Enclosure, Baunnaraha, Co. Kilkenny
Co. Kilkenny |
Enclosures
On the summit of a hill in County Kilkenny, in land given over to pasture, sits an oval earthwork that most walkers would pass without a second glance.
It is, in fact, a substantial structure: an enclosure with an internal diameter of roughly 48 metres northeast to southwest and about 40 metres in the opposing direction, ringed by an external fosse and an outer bank. A fosse, in this context, is simply a defensive ditch dug around the perimeter, with the excavated material typically thrown outward to form the bank beyond it. The overall footprint, bank and all, extends to around 70 metres at its widest. That is a considerable statement to make on a hilltop, even if the land and the centuries have softened it considerably.
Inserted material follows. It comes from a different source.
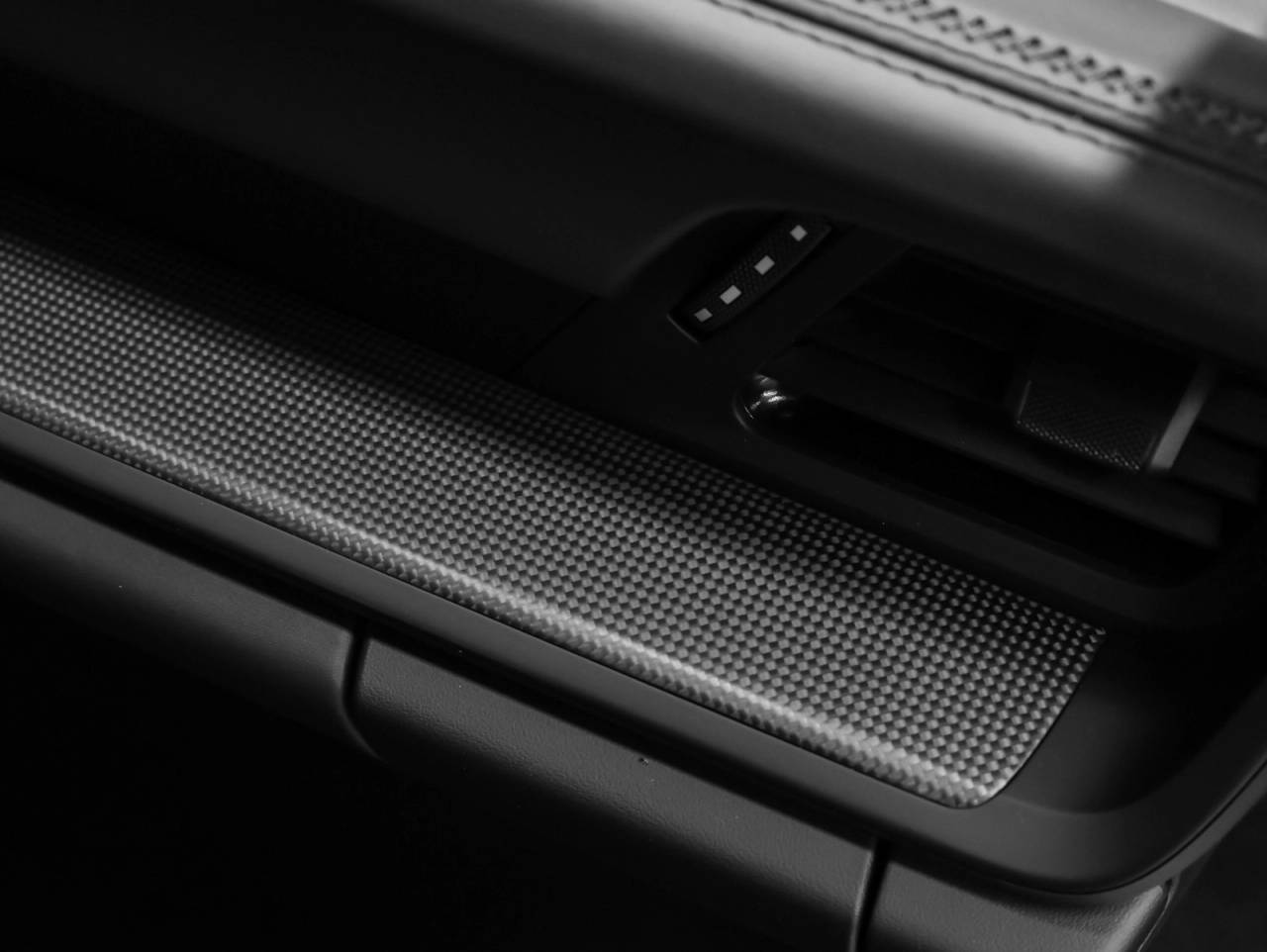 Interior Trim Inlays in Matte Carbon Fiber and Trim in Black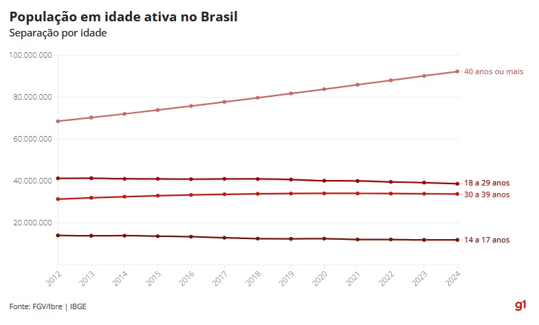 A mesma tendência aparece entre os ocupados: enquanto a participação das pessoas entre 14 e 17 anos caiu 8% entre 2024 e 2012, a dos trabalhadores com 40 anos ou mais cresceu 36%.

Enclosures of this type are scattered across Ireland, and their purposes varied: some served as ringforts, the farmsteads of early medieval landowners, while others may have had ceremonial or communal functions that archaeologists still debate. The Baunnaraha example sits quietly within that interpretive uncertainty. What the nineteenth-century Ordnance Survey mapping does confirm is that an entrance once pierced the outer bank in the southeast quadrant, a detail that hints at a deliberate, structured approach to the interior. More telling still, a field boundary running northwest to southeast along the northeastern side of the site has been built directly into the outer bank, cannibalising an ancient earthwork to serve the prosaic needs of later agriculture. It is a common enough story in the Irish landscape: one era's monument becomes the next era's convenient wall.